This is a library for padding strings at runtime.

The routines in std::fmt only work with formatting strings provided at compile-time, making them unsuitable for padding to a custom or user-defined value. Rather than re-implement all of std::fmt, padding is probably the most common use case, which is written in a more runtime-friendly fashion here.

It provides four helper functions for the most common use cases, and one main function to cover the other cases.

View the Rustdoc

Installation

This crate, like all external crates, works very well with Cargo. Add the following to your Cargo.toml:

[dependencies.pad]
git = "https://github.com/ogham/rust-pad.git"

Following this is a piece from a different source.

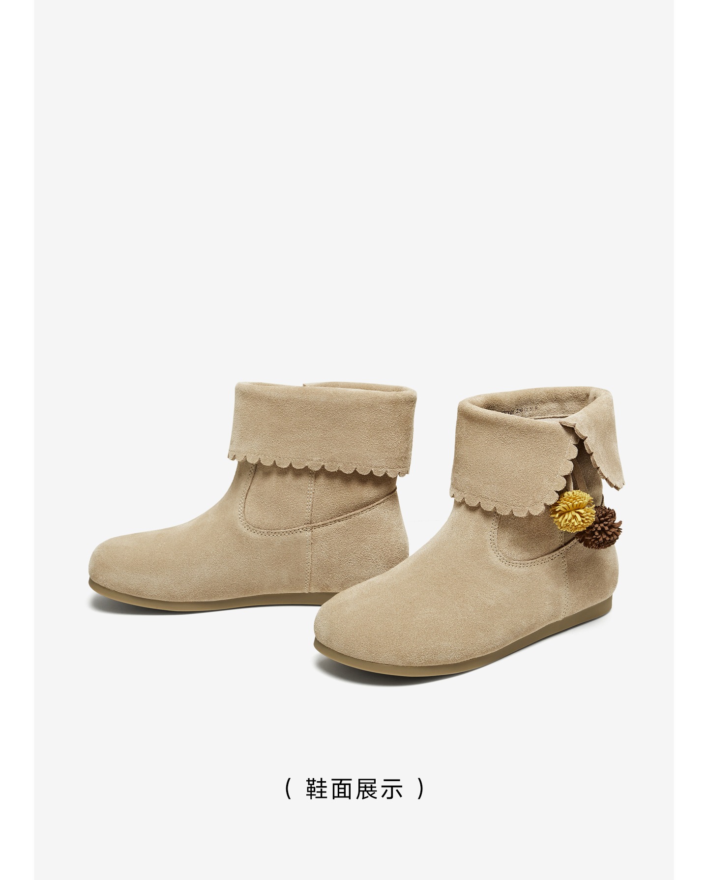 | 鞋底材质:橡胶底 | 靴筒内里材质:人造短绒毛 | 内增高:无 | 鞋面材质:牛剖层革 | 闭合方式:套脚 |

And the pad crate should be available to you.

Examples

You can pad a string to have a minimum width with the pad_to_width method:

use pad::PadStr;
println!("{}", "Hi there!".pad_to_width(16));

This will print out "Hi there!" followed by seven spaces, which is the number of spaces necessary to bring it up to a total of sixteen characters wide.

String length is determined with the width function, without assuming CJK.

Alignment

By default, strings are left-aligned: any extra characters are added on the right. To change this, pass in an Alignment value:

use pad::{PadStr, Alignment};
let s = "I'm over here".pad_to_width_with_alignment(20, Alignment::Right);

There are four of these in total:

  • Left, which puts the text on the left and spaces on the right;
  • Right, which puts the text on the right and spaces on the left;
  • Middle, which centres the text evenly, putting it slightly to the left if it can't be exactly centered;
  • MiddleRight, as above, but to the right.

Characters

Another thing that's set by default is the character that's used to pad the strings - by default, it's space, but you can change it:

use pad::PadStr;
let s = "Example".pad_to_width_with_char(10, '_');

Truncation

Finally, you can override what happens when a value exceeds the width you give. By default, the width parameter indicates a minimum width: any string less will be padded, but any string greater will still be returned in its entirety.

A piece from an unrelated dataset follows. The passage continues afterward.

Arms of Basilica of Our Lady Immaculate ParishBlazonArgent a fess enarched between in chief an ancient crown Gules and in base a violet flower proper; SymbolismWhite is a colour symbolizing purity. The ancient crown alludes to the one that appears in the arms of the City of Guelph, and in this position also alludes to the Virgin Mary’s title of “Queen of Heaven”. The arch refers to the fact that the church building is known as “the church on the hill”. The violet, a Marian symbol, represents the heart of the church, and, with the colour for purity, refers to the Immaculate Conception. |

You can instead tell it to pad with a maximum value, which will truncate the input when a string longer than the width is passed in.

use pad::PadStr;
let short = "short".with_exact_width(10);  // "short     "
let long = "this string is long".with_exact_width(10);  // "this strin"

A Full Example

All of the above functions delegate to the pad function, which you can use in special cases. Here, in order to right-pad a number with zeroes, pass in all the arguments:

use pad::{PadStr, Alignment};
let s = "12345".pad(10, '0', Alignment::Right, true);

(The true at the end could just as easily be false. It's whether to truncate or not.)

Note on Debugging

One very last point: the width function takes a usize, rather than a signed number type. This means that if you try to pass in a negative size, it'll wrap around to a positive size, and produce a massive string and possibly crash your program. So if your padding calls are failing for some reason, this is probably why.